=== Begin Enclosure ===

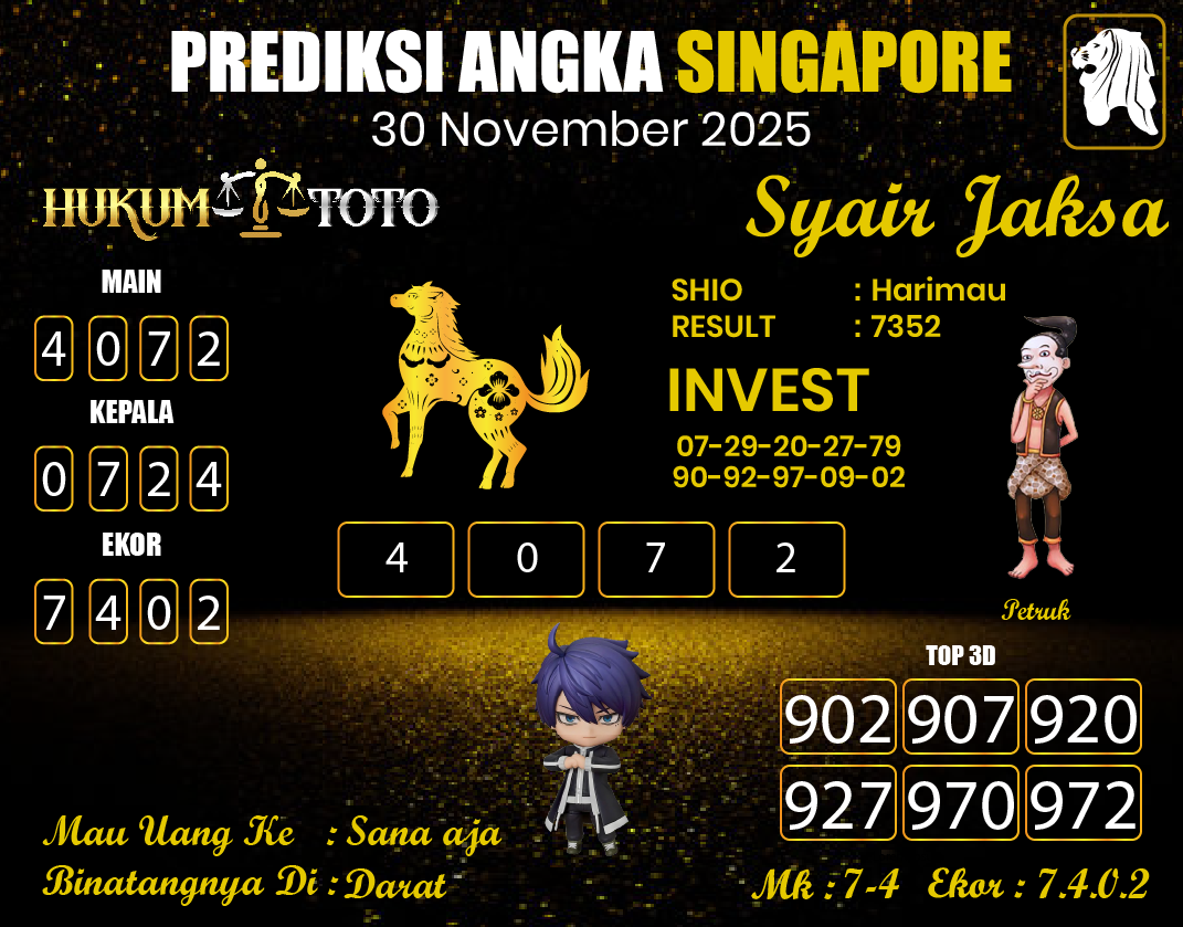 Mencari angka jitu keluaran singapore di Prediksi HukumToto terus-menerus selalu dapat membantu banyak bettor. Lantaran, bukan cuma siapkan result togel dan prediksi togel yang komplet dari beberapa pasaran, di Prediksi HukumToto pula kalian dapat mendatangkan atau menganalisis buku mimpi togel, di mana semasing tipe mimpi yang pas abjad diartikan pada tipe angka. Baik itu buku mimpi 2D, 3D hingga sampai 4D.
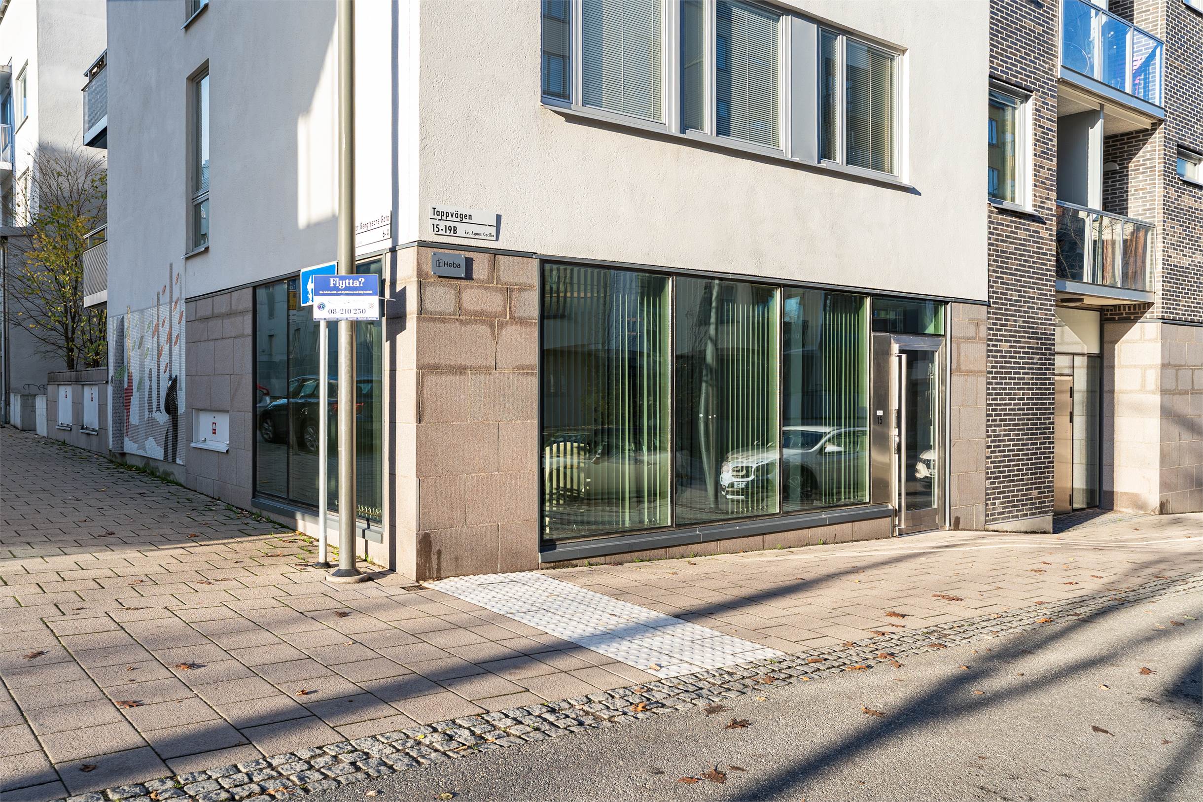Lokalen har ett mycket bra skyltläge tack vare sina stora hörnfönster mot två gator. Här syns man väl för både förbipasserande gående, cyklister och biltrafik.
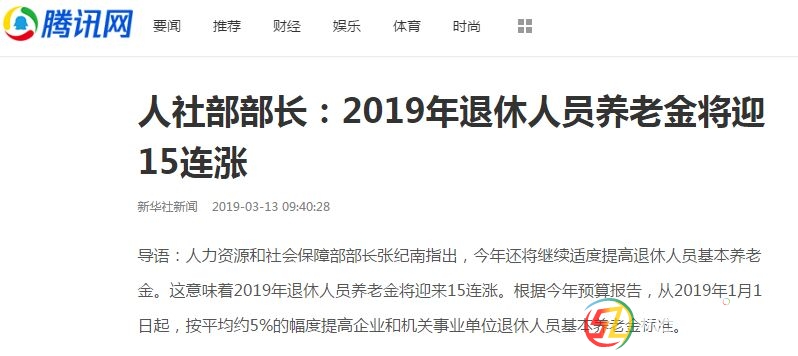 正文摘要:新華社北京3月13日電(記者班娟娟王文博)《經(jīng)濟(jì)參考報(bào)》3月13日刊發(fā)題為《2019年退休人員養(yǎng)老金將迎15連漲》的報(bào)道。文章稱,3月12日,在兩會(huì)“部長通道”上,人力資源和社會(huì)保障部部 ... |
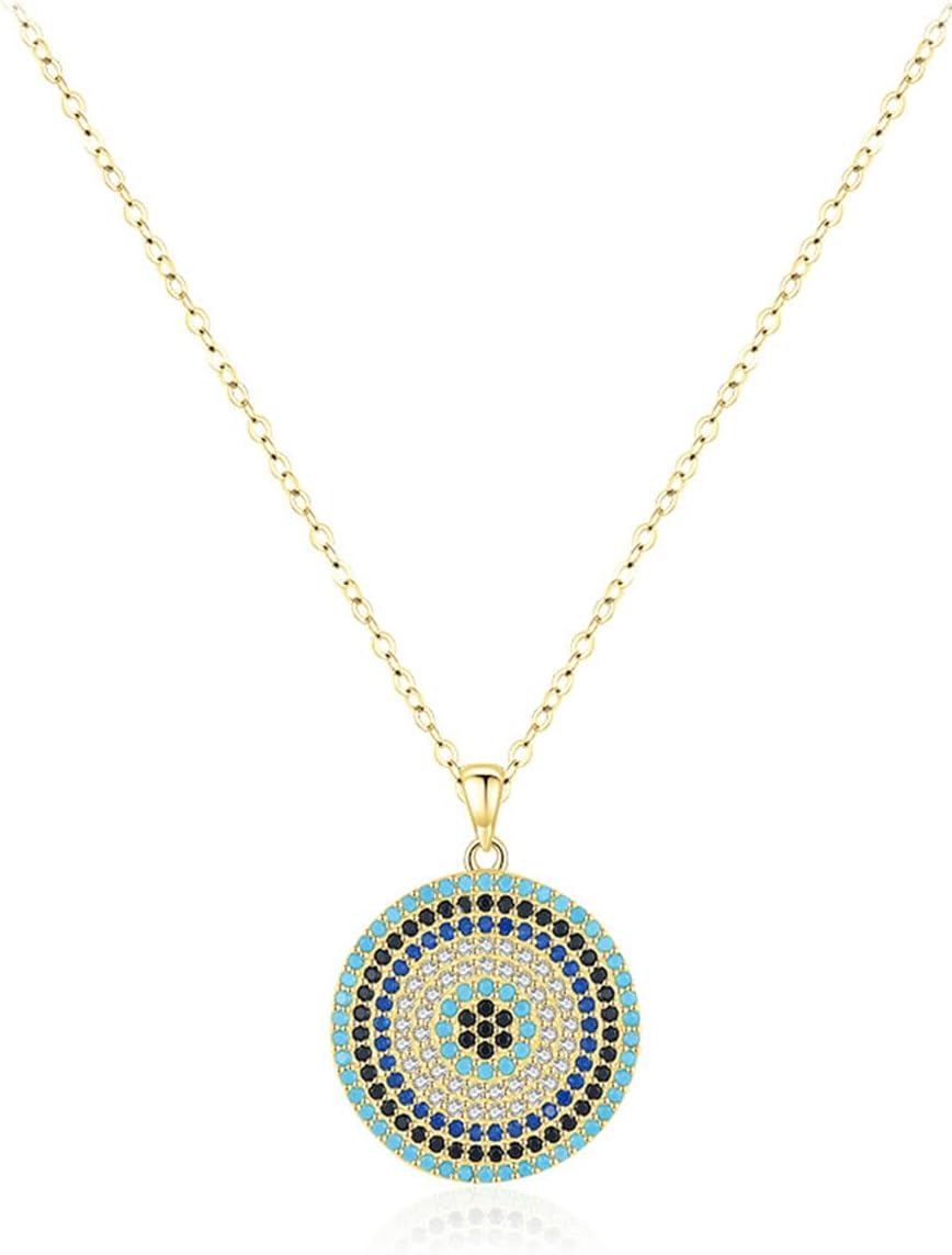 SUTTONRAL 18K Gold Moissanite Devil Eye Pendant Necklace for Women, Delicate Blue Moissanite Jewelry Gift, Mother’s Day Gift, Gold, Moissanite
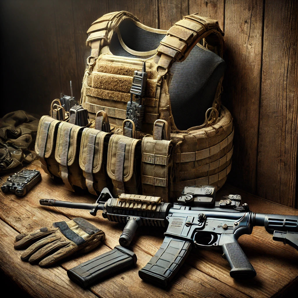 プレートキャリアやチェストリグを基盤としてユーティリティポーチ・ラジオポーチ・ハイドレーションパックなど各種ポーチ類を装備します。
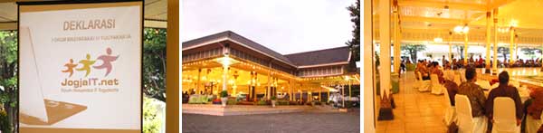 Pada kesempatan ini, Gubernur DIY, Sri Sultan Hamengku Buwono X, menjadi saksi dideklarasikannya FMIT Yogyakarta dan menerima buku Profil FMIT Yogyakarta dari Frans Budiono. "Pada tahun 2015, diharapkan 50% lebih dari penduduk Indonesia dapat mengakses internet. Oleh karena itu, Forum Masyarakat IT Yogyakarta harus solid," ujar Sultan dalam sambutannya. Beliau menambahkan, kesolidan forum seperti ini di kemudian hari dapat mendukung terciptanya masyarakat Jogja yang melek internet. Sehingga, melalui FMIT Yogyakarta, gagasan untuk mengemas dongeng dan cerita lokal dalam versi digital sebagai salah satu materi ajar pendidikan di wilayah DIY, proyeksi DIY sebagai Jogja Cyber Province, dan peningkatan kesejahteraan masyarakat melalui ekonomi kreatif dapat terwujud.
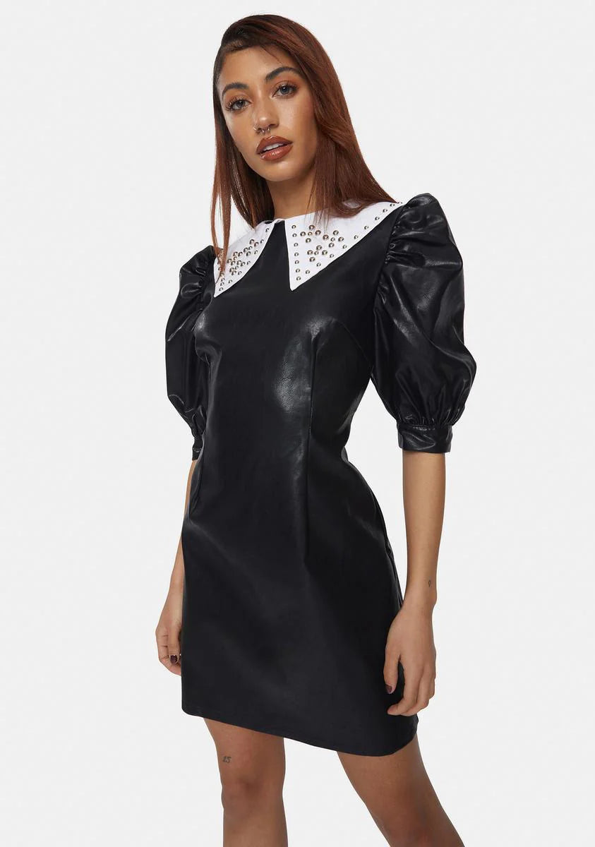 Vegan Leather Studded Collar Mini Dress
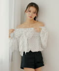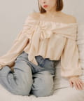 オフショルリボンバルーンブラウス
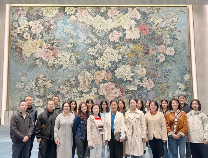 该公司职员、我校毕业生代表古逸航同学热情欢迎老师们的到访,引领大家参观了会客厅相关主题场馆并对馆内以马赛克热熔工艺制作的《满园春色》、锦绣厅的巨幅中国画、艺术家丁艺的代表作《十字2021-8》等艺术作品进行详细讲解,充分展示了世界会客厅在融合艺术、人文与现代服务理念方面的创新实践。

=== End Enclosure ===

• Brief:
Only the lines from the one with "Pada kesempatan ini, Gubernur" through the last line of the listing belong in your answer; copy them exactly and skip the pictures.

• Solution:
 Pada kesempatan ini, Gubernur DIY, Sri Sultan Hamengku Buwono X, menjadi saksi dideklarasikannya FMIT Yogyakarta dan menerima buku Profil FMIT Yogyakarta dari Frans Budiono. "Pada tahun 2015, diharapkan 50% lebih dari penduduk Indonesia dapat mengakses internet. Oleh karena itu, Forum Masyarakat IT Yogyakarta harus solid," ujar Sultan dalam sambutannya. Beliau menambahkan, kesolidan forum seperti ini di kemudian hari dapat mendukung terciptanya masyarakat Jogja yang melek internet. Sehingga, melalui FMIT Yogyakarta, gagasan untuk mengemas dongeng dan cerita lokal dalam versi digital sebagai salah satu materi ajar pendidikan di wilayah DIY, proyeksi DIY sebagai Jogja Cyber Province, dan peningkatan kesejahteraan masyarakat melalui ekonomi kreatif dapat terwujud.
 Vegan Leather Studded Collar Mini Dress
 オフショルリボンバルーンブラウス
 该公司职员、我校毕业生代表古逸航同学热情欢迎老师们的到访,引领大家参观了会客厅相关主题场馆并对馆内以马赛克热熔工艺制作的《满园春色》、锦绣厅的巨幅中国画、艺术家丁艺的代表作《十字2021-8》等艺术作品进行详细讲解,充分展示了世界会客厅在融合艺术、人文与现代服务理念方面的创新实践。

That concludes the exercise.